Software-Defined Cryptography: A Design Feature of Cryptographic Agility
Jihoon Cho, Changhoon Lee, Eunkyung Kim, Jieun Lee, Beumjin Cho
TL;DR
The paper addresses the challenge of migrating enterprise cryptography to post-quantum standards, arguing that crypto-agility requires a software-defined approach to governance and automated enforcement. It analyzes Software-Defined Networking, Software-Defined Perimeter, and Zero Trust Architecture to show how abstraction and automation can centralize cryptographic policy management. A policy-as-code framework is proposed, with a software-defined cryptography architecture comprising C-PIP, C-PDP, and C-PEP that integrates into DevSecOps and service-mesh ecosystems to automate PQC migration. The work highlights abstraction layers (e.g., JCA) and IaC/PaC practices to decouple applications from cryptographic providers, enabling scalable, policy-driven PQC updates.
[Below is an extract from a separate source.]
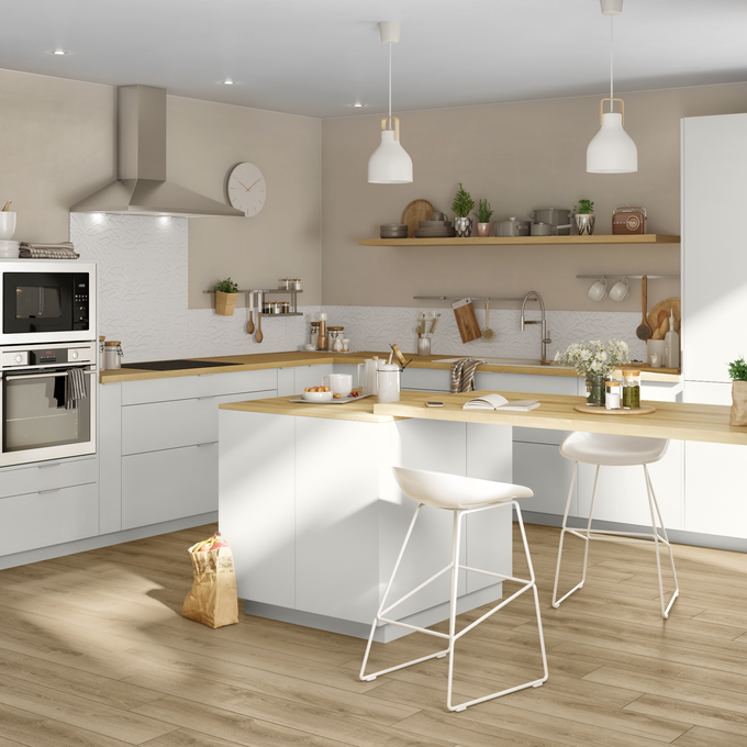 El diseño de una cocina americana debe responder a un equilibrio entre estética y confort. En cuanto a estética, en LEROY MERLIN puedes escoger mobiliario en tonos neutros, el atemporal blanco o acabados madera, también colores de moda, que combinados con piedras en la encimera y antepecho o revestimiento de la isla, dará como resultado una cocina a tu medida.
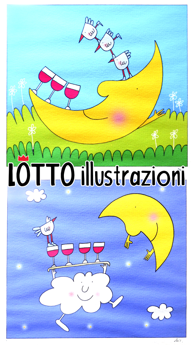 Lotto di due illustrazioni sul tema “Vino” di Nicoletta Costa

Overall, the paper advocates for adopting software-defined cryptography to achieve timely, secure, and auditable PQC migrations in enterprise IT.
Abstract
Given the widespread use of cryptography in Enterprise IT, migration to post-quantum cryptography (PQC) is not drop-in replacement at all. Cryptographic agility, or crypto-agility, is a design feature that enables seamless updates to new cryptographic algorithms and standards without the need to modify or replace the surrounding infrastructure. This paper introduces a notion of software-defined cryptography as the desired design feature for crypto-agility, emphasizing the role of software in providing centralized governance for cryptography and automated enforcement of cryptographic policies, such as migration to PQC.